=== Section Start ===

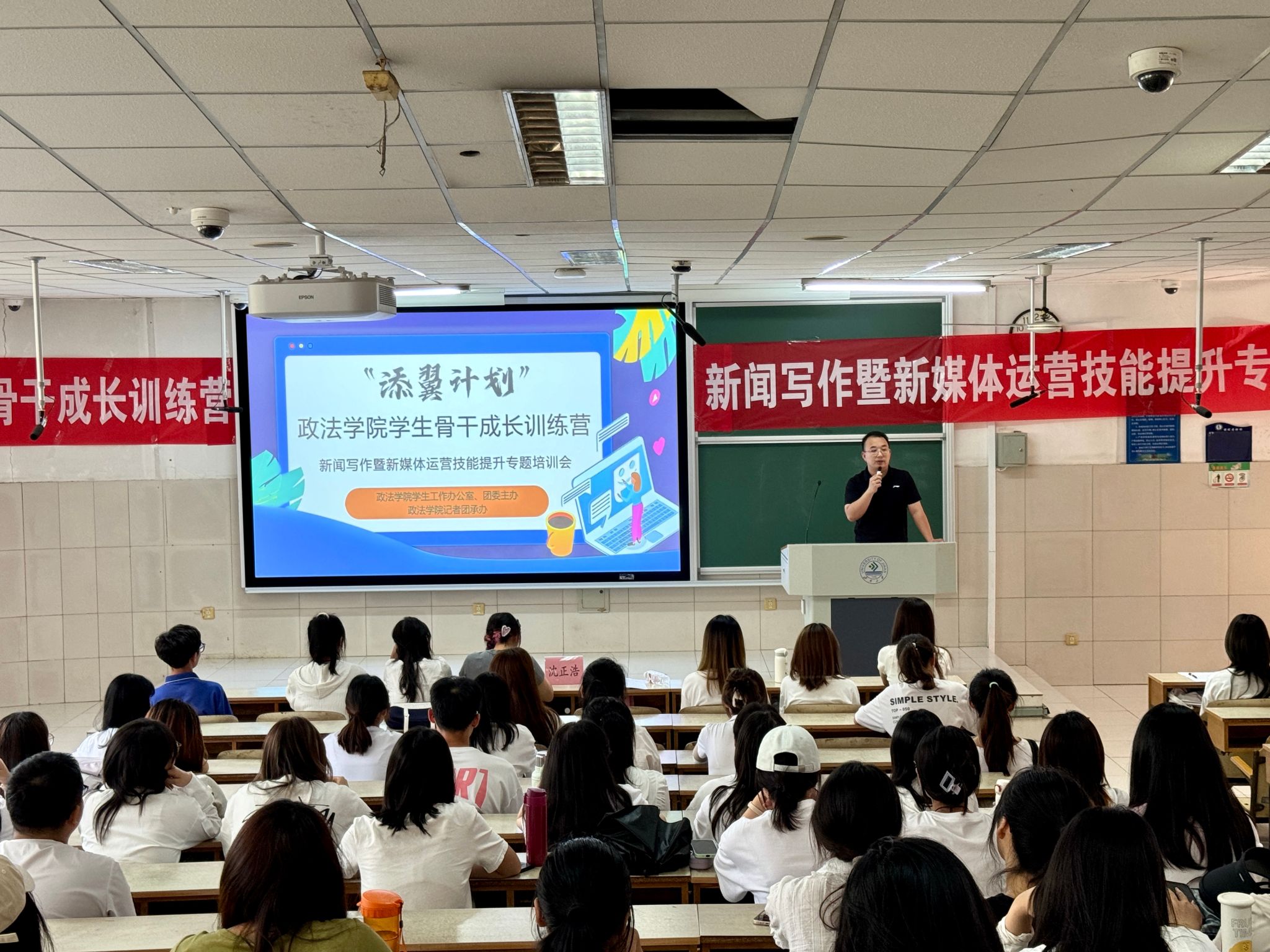 为了强化学院新闻宣传效果,提升学院学生组织专业技能,加强学院新闻宣传工作的传播力、影响力,提升学院舆论宣传工作的有效性。2024年5月28日,由政法学院学生工作办公室、团委主办,学生记者团承办的“添翼计划”学生骨干训练营——新闻写作与新媒体技能专题培训活动成功举办。本次活动特邀校记者团、校融媒体中心部门负责同学作为主讲嘉宾分享新闻采编及推文制作经验,政法学院全体学生组织骨干、各个社团负责同学参加本次培训。
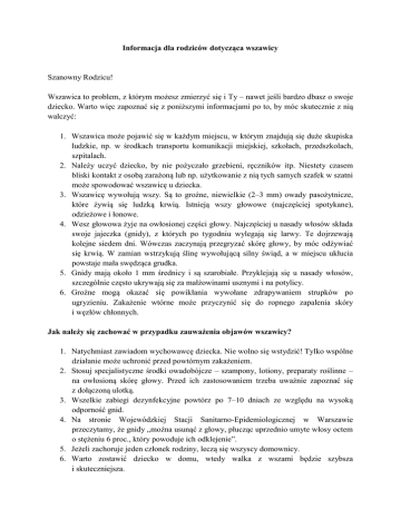 Informacja dla rodziców dotycząca wszawicy Szanowny Rodzicu! Wszawica to problem, z którym możesz zmierzyć się i Ty – nawet jeśli bardzo dbasz o swoje dziecko. Warto więc zapoznać się z poniższymi informacjami po to, by móc skutecznie z nią walczyć: 1. Wszawica może pojawić się w każdym miejscu, w którym znajdują się duże skupiska ludzkie, np. w środkach transportu komunikacji miejskiej, szkołach, przedszkolach, szpitalach. 2. Należy uczyć dziecko, by nie pożyczało grzebieni, ręczników itp. Niestety czasem bliski kontakt z osobą zarażoną lub np. użytkowanie z nią tych samych szafek w szatni może spowodować wszawicę u dziecka. 3. Wszawicę wywołują wszy. Są to groźne, niewielkie (2–3 mm) owady pasożytnicze, które żywią się ludzką krwią. Istnieją wszy głowowe (najczęściej spotykane), odzieżowe i łonowe. 4. Wesz głowowa żyje na owłosionej części głowy. Najczęściej u nasady włosów składa swoje jajeczka (gnidy), z których po tygodniu wylegają się larwy. Te dojrzewają kolejne siedem dni. Wówczas zaczynają przegryzać skórę głowy, by móc odżywiać się krwią. W zamian wstrzykują ślinę wywołującą silny świąd, a w miejscu ukłucia powstaje mała swędząca grudka. 5. Gnidy mają około 1 mm średnicy i są szarobiałe. Przyklejają się u nasady włosów, szczególnie często ukrywają się za małżowinami usznymi i na potylicy. 6. Groźne mogą okazać się powikłania wywołane zdrapywaniem strupków po ugryzieniu. Zakażenie wtórne może przyczynić się do ropnego zapalenia skóry i węzłów chłonnych. Jak należy się zachować w przypadku zauważenia objawów wszawicy? 1. Natychmiast zawiadom wychowawcę dziecka. Nie wolno się wstydzić! Tylko wspólne działanie może uchronić przed powtórnym zakażeniem. 2. Stosuj specjalistyczne środki owadobójcze – szampony, lotiony, preparaty roślinne – na owłosioną skórę głowy. Przed ich zastosowaniem trzeba uważnie zapoznać się z dołączoną ulotką. 3. Wszelkie zabiegi dezynfekcyjne powtórz po 7–10 dniach ze względu na wysoką odporność gnid. 4. Na stronie Wojewódzkiej Stacji Sanitarno-Epidemiologicznej w Warszawie przeczytamy, że gnidy „można usunąć z głowy, płucząc uprzednio umyte włosy octem o stężeniu 6 proc., który powoduje ich odklejenie”. 5. Jeżeli zachoruje jeden członek rodziny, leczą się wszyscy domownicy. 6. Warto zostawić dziecko w domu, wtedy walka z wszami będzie szybsza i skuteczniejsza.
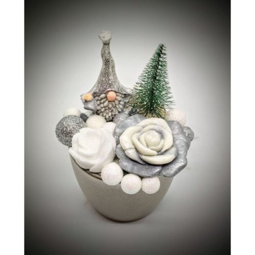 Szappanvirág csokor - karácsonyi - szürke manóval - pezsgő színű kis kaspóban Kézzel készített, illatos szappan csokrok, asztali díszek, egyedi szappanok és fürdősók
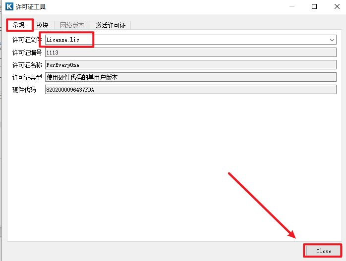 23.点击“常规”,许可证文件下拉选择“License.lic”,点击“Close”
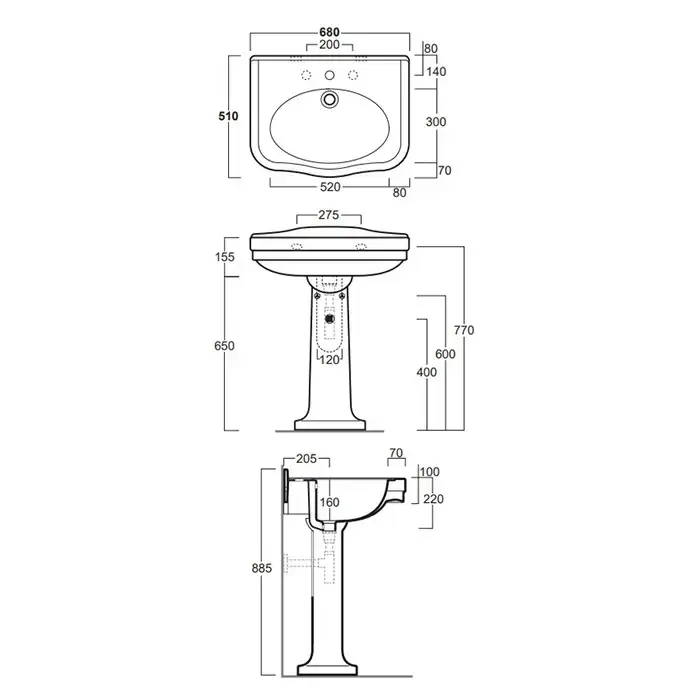 SIMAS Londra Раковина 68x52см с 1 отв. (и двумя намечеными под смеситель), цвет белый

=== Section End ===

**EXERCISE GOAL:** Only the lines from the one that holds "Szappanvirág csokor - karácsonyi" through the end of the records above should be printed again, exactly as they are. Leave out the pictures.

**TASK SOLUTION:**
 Szappanvirág csokor - karácsonyi - szürke manóval - pezsgő színű kis kaspóban Kézzel készített, illatos szappan csokrok, asztali díszek, egyedi szappanok és fürdősók
 23.点击“常规”,许可证文件下拉选择“License.lic”,点击“Close”
 SIMAS Londra Раковина 68x52см с 1 отв. (и двумя намечеными под смеситель), цвет белый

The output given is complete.